Since the start of the year the Ardent Leisure Group (ASX: AAD) share price has thoroughly underperformed the market, losing approximately 12% of its value.
But with signs of improvement being seen at its theme parks once again, I think now could be the time to invest in the beaten down entertainment company.
Why should you invest?
Although I feel its shares may be reasonably volatile in the short-term, I remain confident that in the long-term they will head significantly higher.
There are a couple of catalysts for this. The first being a successful turnaround of its theme parks business.
Pleasingly, on Monday there were signs that its turnaround plan is working. In June Ardent Leisure saw a 30.5% drop in theme park visitors and a 35.3% fall in unaudited revenues versus the prior corresponding period.

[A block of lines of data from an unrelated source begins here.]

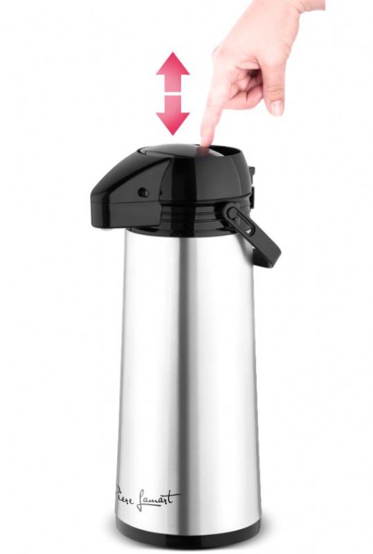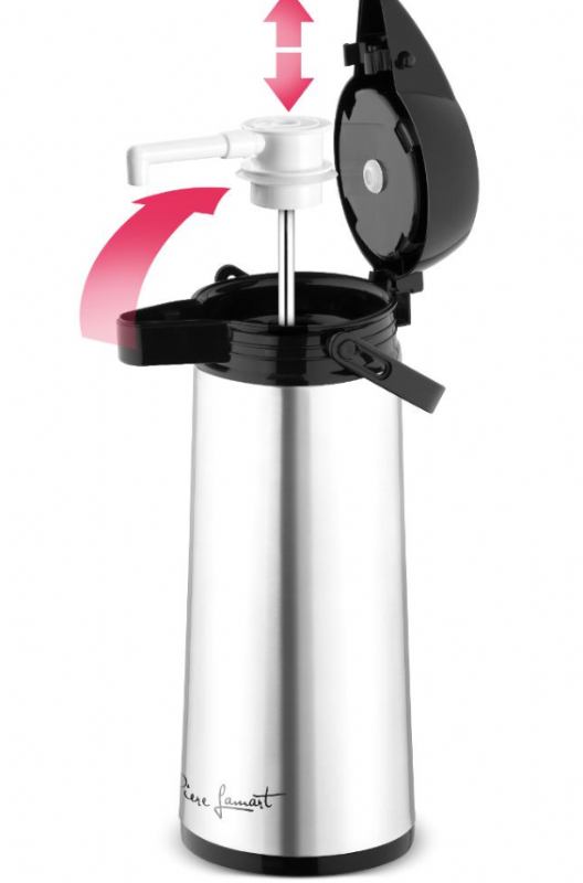 Boca je opremljena pumpom za doziranje, omogućujući jednostavno i praktično točenje napitaka. Elegantna ručka pruža udoban hvat, dok praktični čep osigurava sigurnost pri transportu i skladištenju.
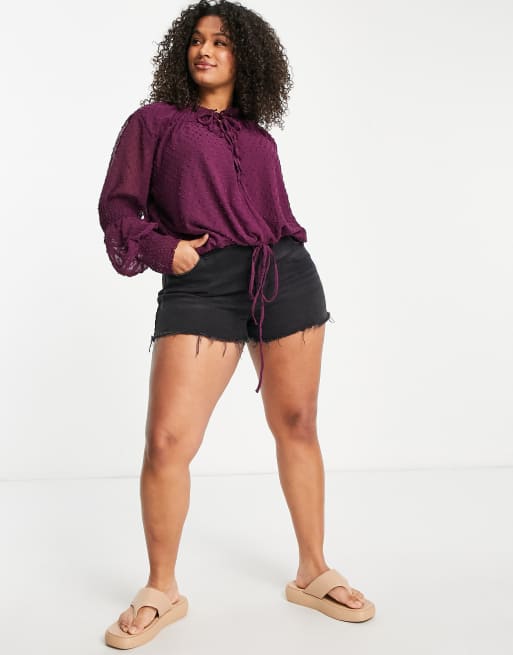Missguided Plus Blusa bordeaux in plumetis con maniche Very well made.
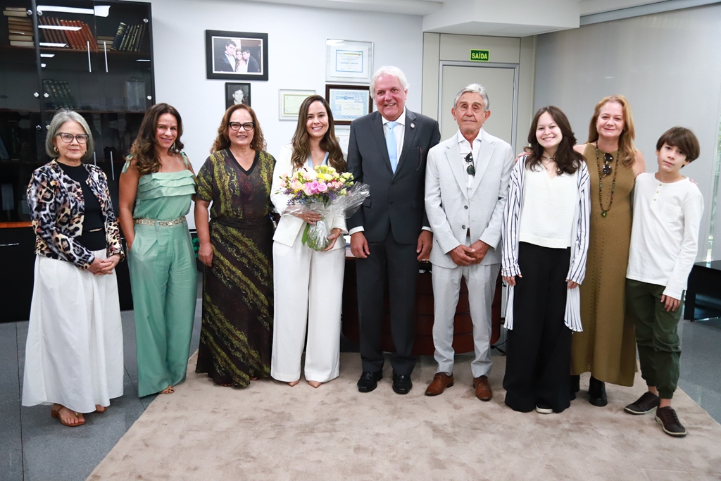 Juíza Priscila Aguiar com o presidente do TRT-GO e familiares. Simone Souza, mãe da magistrada, declarou estar muito feliz com o retorno da filha para Goiás. “É a casa dela, é onde está a base dela, a família, os amigos que ela construiu, toda a trajetória dela, a carreira dentro do tribunal”, disse orgulhosa

This was a big improvement on the last three months and was achieved despite the impact of Victorian school holidays being pushed back to the start of July compared to June 25 last year.
The second catalyst is its Main Event centres in the United States. These lucrative family entertainment centres are the main reason to invest in the company in my opinion.
Although the centre's footprint has grown strongly over the last few years and the company is on track to finish the year with 38 centres across 16 U.S. states, it still has a significant runway for growth ahead.
After all, management recently reiterated that it is committed to its plan of increasing its network to 200 centres.
If the company delivers on its promise then I believe its earnings could grow at an above-average rate for at least the next decade.
Foolish takeaway
All in all, I believe this could make Ardent Leisure a good option for patient buy and hold investors that can cope with a little short-term volatility. As a result, I continue to believe it is a superior investment to rival Village Roadshow Ltd (ASX: VRL).